I have programmed REAL COUNTRY in Pennsylvania for 15 years....The average
listeners do not know the difference or do they care so long as you deliver
the news ; weather and are INVOLVED with your community.

I like your comments and they HOLD very true to the small station owner/operator! Also you said what I’ve been trying to explain to these 60’s Oldies knuckle head fans over & over, afraid of tying something new.

Nothing against 60’s Oldies, I like the music too, but back in 2002, I got so sick of 96.3 playing the same 400 titles over & over, and people believing that Westwood One’s “SuperGold” show (that was aired on Saturday Nights for a long time in this market) was a locally oriented program!
 
ROCKO11 said:
romer979fm said:
Tenn Radio Boy said:
Radio industry has killed the medium, so 40 plus people like me have discovered other choices.

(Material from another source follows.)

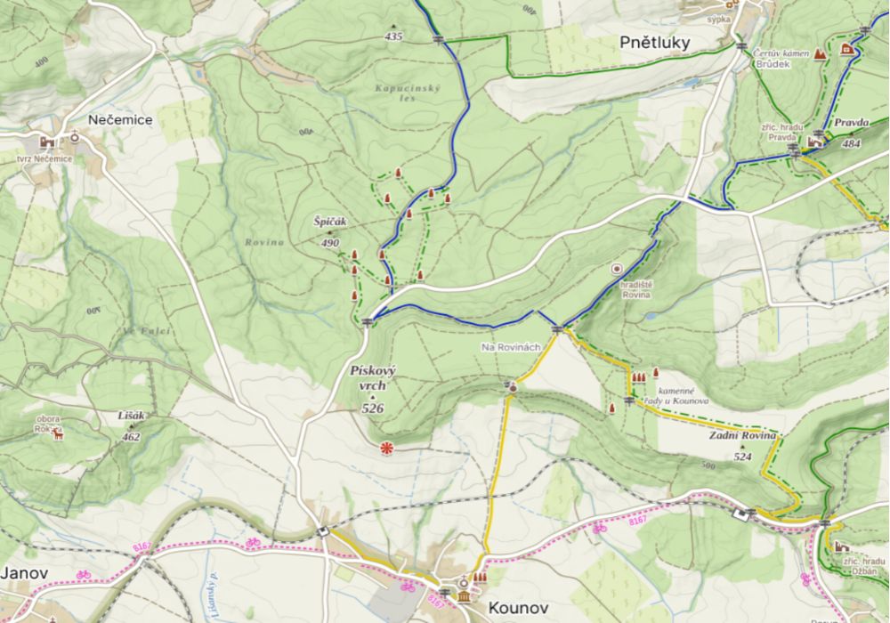 Geolog Václav Cílek se v článku Lovci menhirů v časopise Vesmír (2014) věnuje dvěma sousedním lokalitám u Kounova. První je v lese, v údolí pod Špičákem, severně od silnice Pnětluky-Kounov, kde existuje několik krátkých a nepravidelných kamenných řad. Kameny-menhiry jsou silicifikované třetihorní pískovce, některé větší než lidská postava. Zde „lovci menhirů“, jak nazývá skupinu dobrovolníků – v prozaické autobiografi je představila Hana Jakovcová, (2014,176 s.) – odkryli snad stovku a vztyčily přes desítku masivních křemencových kamenů přirozeně se vyskytujících v půdě. Na rozdíl od druhé lokality, známějších Kounovských řad, kam byl kamenný materiál (sluňáky) v archeologické době přinesen, tvoří křemenec přirozený denudační materiál Špičáku (n.v. 490 m). U vztyčených kamenů neexistuje žádný archeologický důkaz jejich stáří.
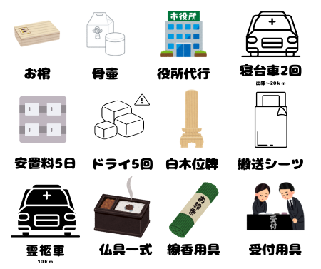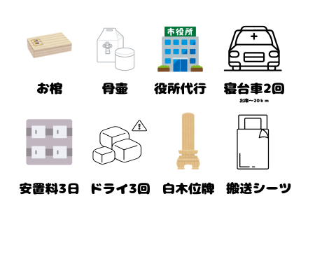 ※自宅安置不可・深夜料金別途などの各種条件がありますので詳しくはお問い合わせください

then may I politely ask why you're posting on a radio board?

Hold up a mintue Chris,

no offense Scott, but that wasn't directed at you: I was just curious as to why TN RADIO BOY
would come to a radio board to praise IPODS. that's all...and I'm not questioning his points or
right to ask...just the location. and thanks for the history lesson...but I'm aware of the ins/outs of
format changes.
 
romer979fm said:
ROCKO11 said:
romer979fm said:
Tenn Radio Boy said:
Radio industry has killed the medium, so 40 plus people like me have discovered other choices.

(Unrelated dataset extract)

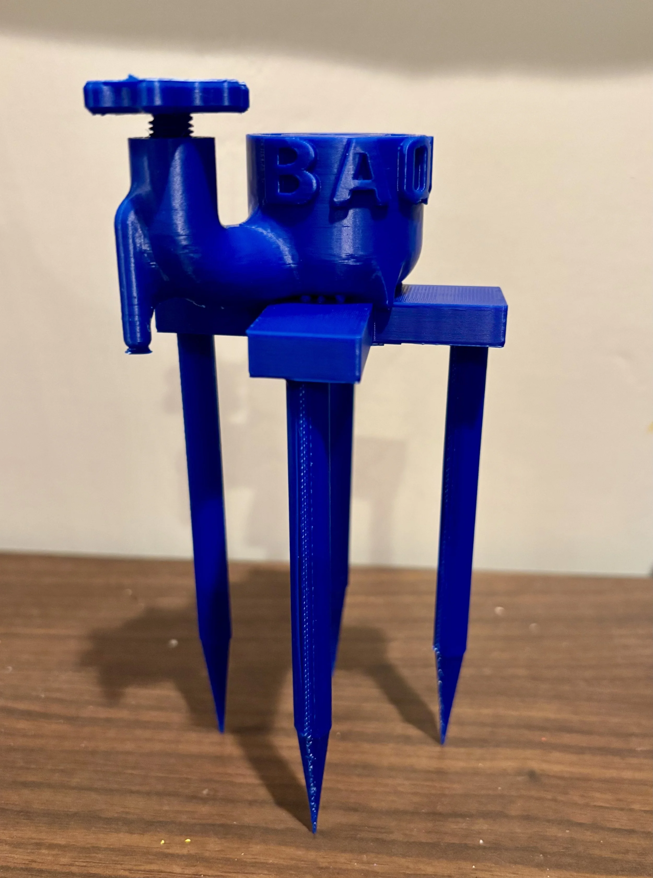 BAqua is a 3D Printed Bottle Drip Irrigator. This self-watering device is made from recycled materails to collect rainwater keeping plants healthy while saving water and reducing waste.
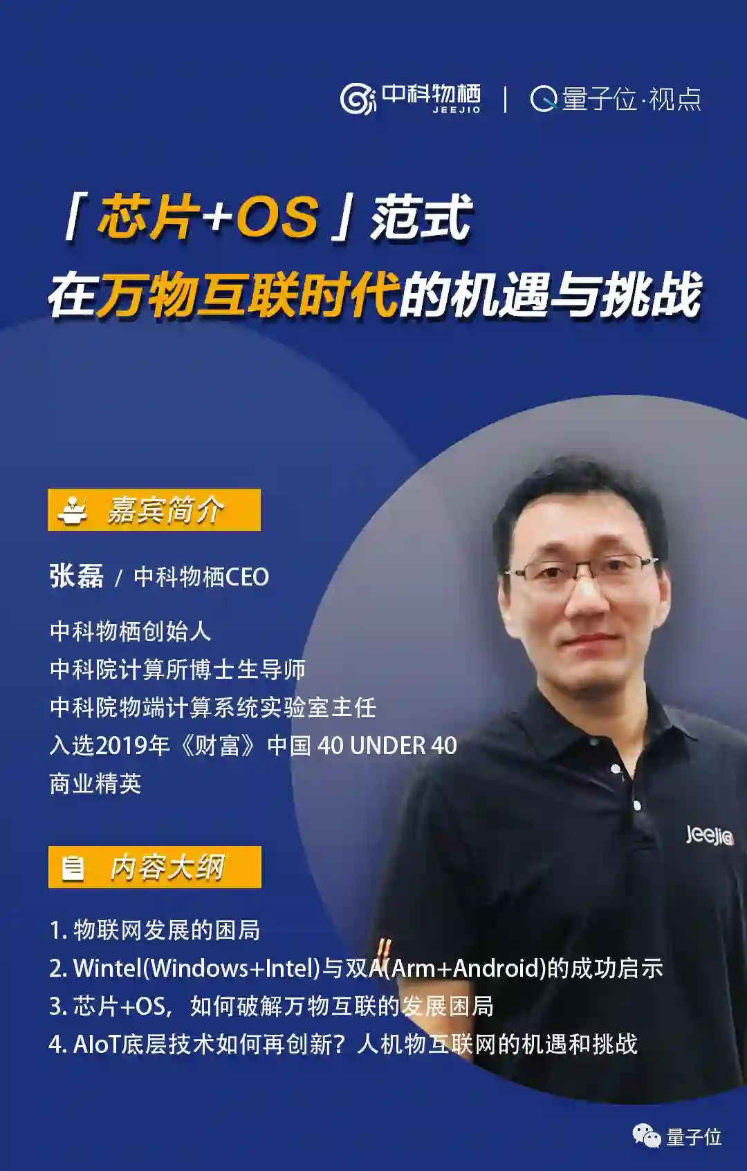 围绕人机物互联网的发展、底层技术及“芯片+OS”范式等内容中科物栖创始人兼CEO张磊博士在「量子位·视点」直播中分享了他的从业经验和观点。

then may I politely ask why you're posting on a radio board?

Hold up a mintue Chris,

no offense Scott, but that wasn't directed at you: I was just curious as to why TN RADIO BOY
would come to a radio board to praise IPODS. that's all...and I'm not questioning his points or
right to ask...just the location. and thanks for the history lesson...but I'm aware of the ins/outs of
format changes.

Chris,
People get in such a tissy when a station changes format. I don't see them act like that when they go to McDonalds and they don't offer thier favorite burger any longer.
They act like it's the end of the world when a station changes.